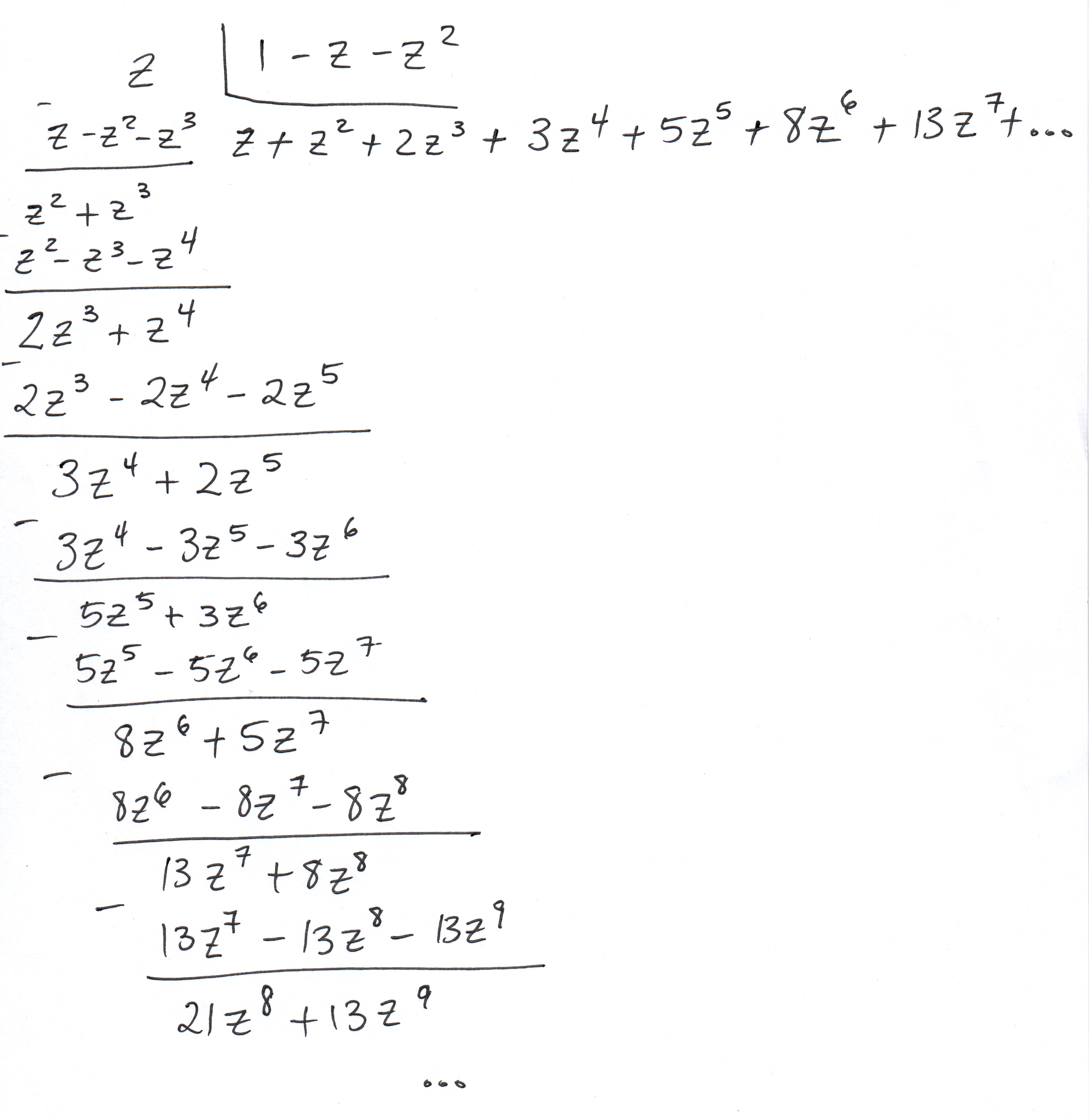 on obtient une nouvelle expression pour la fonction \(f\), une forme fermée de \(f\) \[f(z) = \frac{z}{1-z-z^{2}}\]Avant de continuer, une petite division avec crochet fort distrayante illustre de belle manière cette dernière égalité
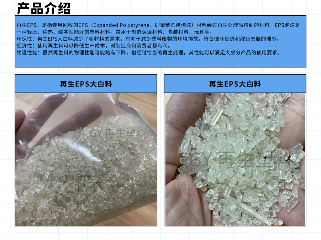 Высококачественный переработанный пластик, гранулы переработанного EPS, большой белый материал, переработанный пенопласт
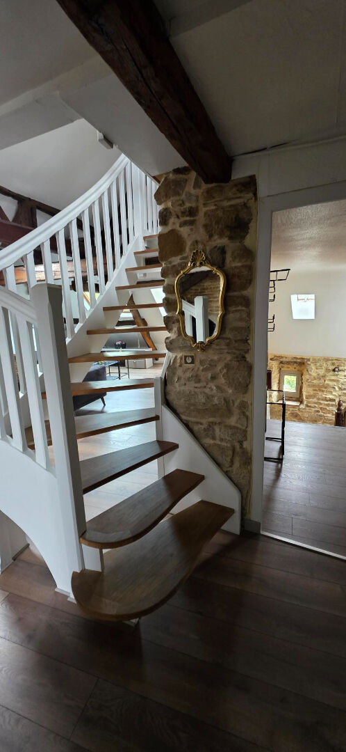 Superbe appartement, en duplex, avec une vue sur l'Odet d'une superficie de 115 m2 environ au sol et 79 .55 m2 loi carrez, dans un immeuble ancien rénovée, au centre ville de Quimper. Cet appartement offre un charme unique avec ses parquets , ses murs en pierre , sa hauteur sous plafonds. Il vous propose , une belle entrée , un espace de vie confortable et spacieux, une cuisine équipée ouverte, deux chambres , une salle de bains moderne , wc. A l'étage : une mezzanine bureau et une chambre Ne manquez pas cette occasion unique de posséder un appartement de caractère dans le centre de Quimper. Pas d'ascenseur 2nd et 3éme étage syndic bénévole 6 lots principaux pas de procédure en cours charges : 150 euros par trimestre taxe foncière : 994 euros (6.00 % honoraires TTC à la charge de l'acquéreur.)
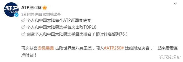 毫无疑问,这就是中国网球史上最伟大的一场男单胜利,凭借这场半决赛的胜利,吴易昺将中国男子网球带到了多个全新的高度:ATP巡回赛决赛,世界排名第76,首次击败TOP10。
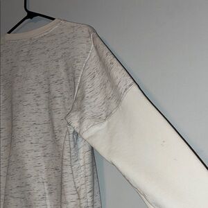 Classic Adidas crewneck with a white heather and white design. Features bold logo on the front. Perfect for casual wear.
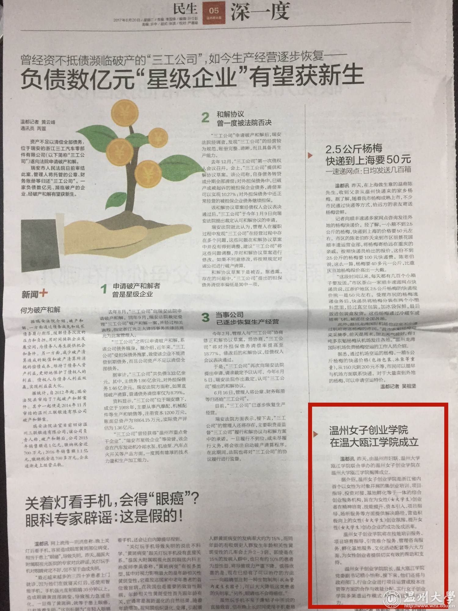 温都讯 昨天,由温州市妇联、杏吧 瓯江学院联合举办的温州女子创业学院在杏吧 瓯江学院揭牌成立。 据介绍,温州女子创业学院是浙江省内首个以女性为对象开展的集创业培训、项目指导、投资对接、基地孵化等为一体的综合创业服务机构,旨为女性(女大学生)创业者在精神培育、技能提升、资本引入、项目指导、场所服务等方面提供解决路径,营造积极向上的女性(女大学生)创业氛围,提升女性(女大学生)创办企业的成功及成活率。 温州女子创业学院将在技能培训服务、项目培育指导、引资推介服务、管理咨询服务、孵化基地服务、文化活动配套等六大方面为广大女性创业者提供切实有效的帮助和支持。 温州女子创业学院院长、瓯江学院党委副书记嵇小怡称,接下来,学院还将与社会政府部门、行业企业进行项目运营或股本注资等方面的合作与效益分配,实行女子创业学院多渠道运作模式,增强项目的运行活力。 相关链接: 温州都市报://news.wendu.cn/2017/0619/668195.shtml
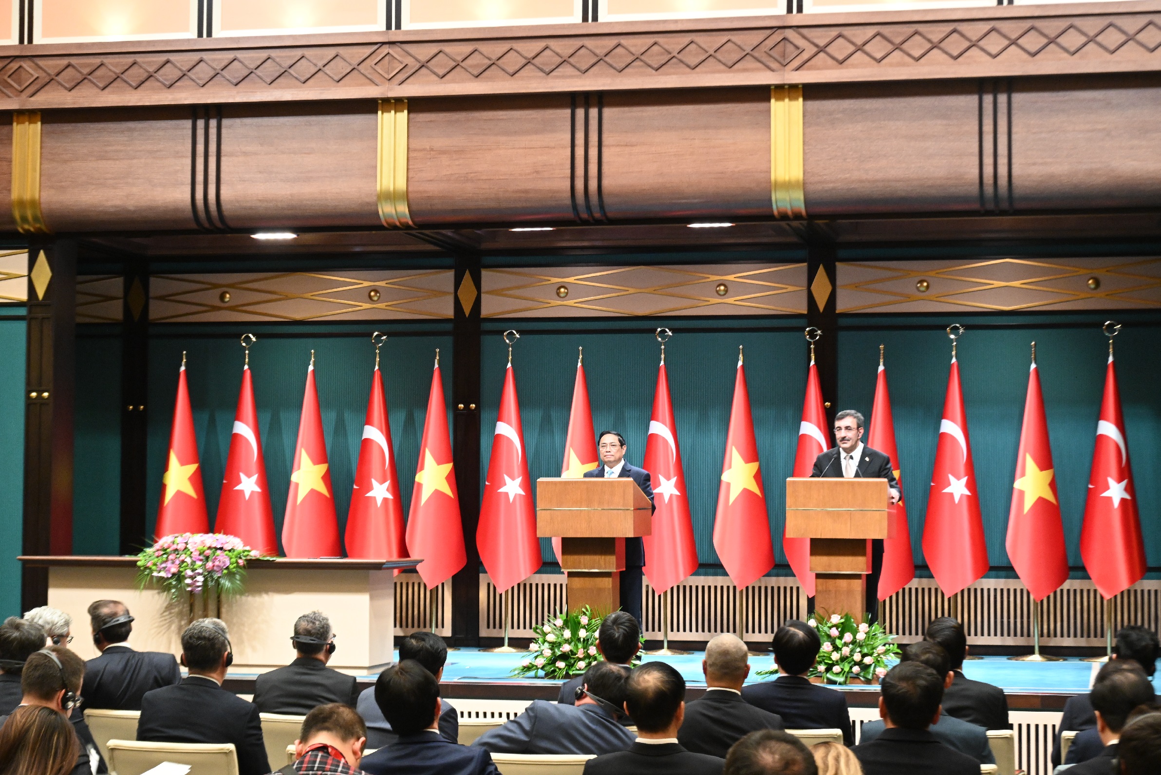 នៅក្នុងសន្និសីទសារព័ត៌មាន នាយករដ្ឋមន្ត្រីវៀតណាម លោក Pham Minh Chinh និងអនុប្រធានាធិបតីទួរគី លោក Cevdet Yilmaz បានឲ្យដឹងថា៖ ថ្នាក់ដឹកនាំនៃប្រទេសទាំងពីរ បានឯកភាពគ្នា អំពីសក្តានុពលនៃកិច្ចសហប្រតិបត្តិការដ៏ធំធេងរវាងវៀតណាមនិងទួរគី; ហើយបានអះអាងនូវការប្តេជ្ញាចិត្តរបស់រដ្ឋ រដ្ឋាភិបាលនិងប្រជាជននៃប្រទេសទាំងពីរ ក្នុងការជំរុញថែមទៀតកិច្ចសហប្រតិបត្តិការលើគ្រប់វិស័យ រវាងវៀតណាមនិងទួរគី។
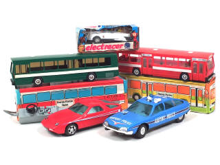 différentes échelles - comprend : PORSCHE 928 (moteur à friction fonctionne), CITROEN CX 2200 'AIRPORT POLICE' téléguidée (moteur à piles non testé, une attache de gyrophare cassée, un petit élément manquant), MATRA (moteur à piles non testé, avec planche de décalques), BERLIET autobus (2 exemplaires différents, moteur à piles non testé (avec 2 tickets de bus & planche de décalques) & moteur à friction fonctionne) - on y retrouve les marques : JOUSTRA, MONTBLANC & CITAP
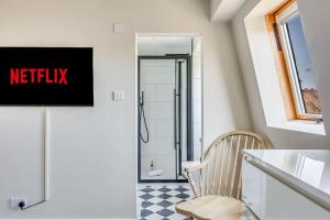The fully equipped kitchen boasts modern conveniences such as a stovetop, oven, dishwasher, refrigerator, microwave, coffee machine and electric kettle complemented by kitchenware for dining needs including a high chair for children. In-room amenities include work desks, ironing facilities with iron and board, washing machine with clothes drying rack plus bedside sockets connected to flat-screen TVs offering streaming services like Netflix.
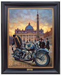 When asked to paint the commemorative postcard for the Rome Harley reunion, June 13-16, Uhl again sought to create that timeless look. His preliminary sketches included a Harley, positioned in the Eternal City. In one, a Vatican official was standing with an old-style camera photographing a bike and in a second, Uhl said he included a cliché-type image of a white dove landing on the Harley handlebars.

Activity: Repeat only what runs from the first line of the records above to the line with "温都讯 昨天,由温州市妇联、杏吧 瓯江学院联合举办的温州女子创业学院在杏吧", both included, word for word, minus the pictures.

Answer below:
 on obtient une nouvelle expression pour la fonction \(f\), une forme fermée de \(f\) \[f(z) = \frac{z}{1-z-z^{2}}\]Avant de continuer, une petite division avec crochet fort distrayante illustre de belle manière cette dernière égalité
 Высококачественный переработанный пластик, гранулы переработанного EPS, большой белый материал, переработанный пенопласт
 Superbe appartement, en duplex, avec une vue sur l'Odet d'une superficie de 115 m2 environ au sol et 79 .55 m2 loi carrez, dans un immeuble ancien rénovée, au centre ville de Quimper. Cet appartement offre un charme unique avec ses parquets , ses murs en pierre , sa hauteur sous plafonds. Il vous propose , une belle entrée , un espace de vie confortable et spacieux, une cuisine équipée ouverte, deux chambres , une salle de bains moderne , wc. A l'étage : une mezzanine bureau et une chambre Ne manquez pas cette occasion unique de posséder un appartement de caractère dans le centre de Quimper. Pas d'ascenseur 2nd et 3éme étage syndic bénévole 6 lots principaux pas de procédure en cours charges : 150 euros par trimestre taxe foncière : 994 euros (6.00 % honoraires TTC à la charge de l'acquéreur.)
 毫无疑问,这就是中国网球史上最伟大的一场男单胜利,凭借这场半决赛的胜利,吴易昺将中国男子网球带到了多个全新的高度:ATP巡回赛决赛,世界排名第76,首次击败TOP10。
 Classic Adidas crewneck with a white heather and white design. Features bold logo on the front. Perfect for casual wear.
 温都讯 昨天,由温州市妇联、杏吧 瓯江学院联合举办的温州女子创业学院在杏吧 瓯江学院揭牌成立。 据介绍,温州女子创业学院是浙江省内首个以女性为对象开展的集创业培训、项目指导、投资对接、基地孵化等为一体的综合创业服务机构,旨为女性(女大学生)创业者在精神培育、技能提升、资本引入、项目指导、场所服务等方面提供解决路径,营造积极向上的女性(女大学生)创业氛围,提升女性(女大学生)创办企业的成功及成活率。 温州女子创业学院将在技能培训服务、项目培育指导、引资推介服务、管理咨询服务、孵化基地服务、文化活动配套等六大方面为广大女性创业者提供切实有效的帮助和支持。 温州女子创业学院院长、瓯江学院党委副书记嵇小怡称,接下来,学院还将与社会政府部门、行业企业进行项目运营或股本注资等方面的合作与效益分配,实行女子创业学院多渠道运作模式,增强项目的运行活力。 相关链接: 温州都市报://news.wendu.cn/2017/0619/668195.shtml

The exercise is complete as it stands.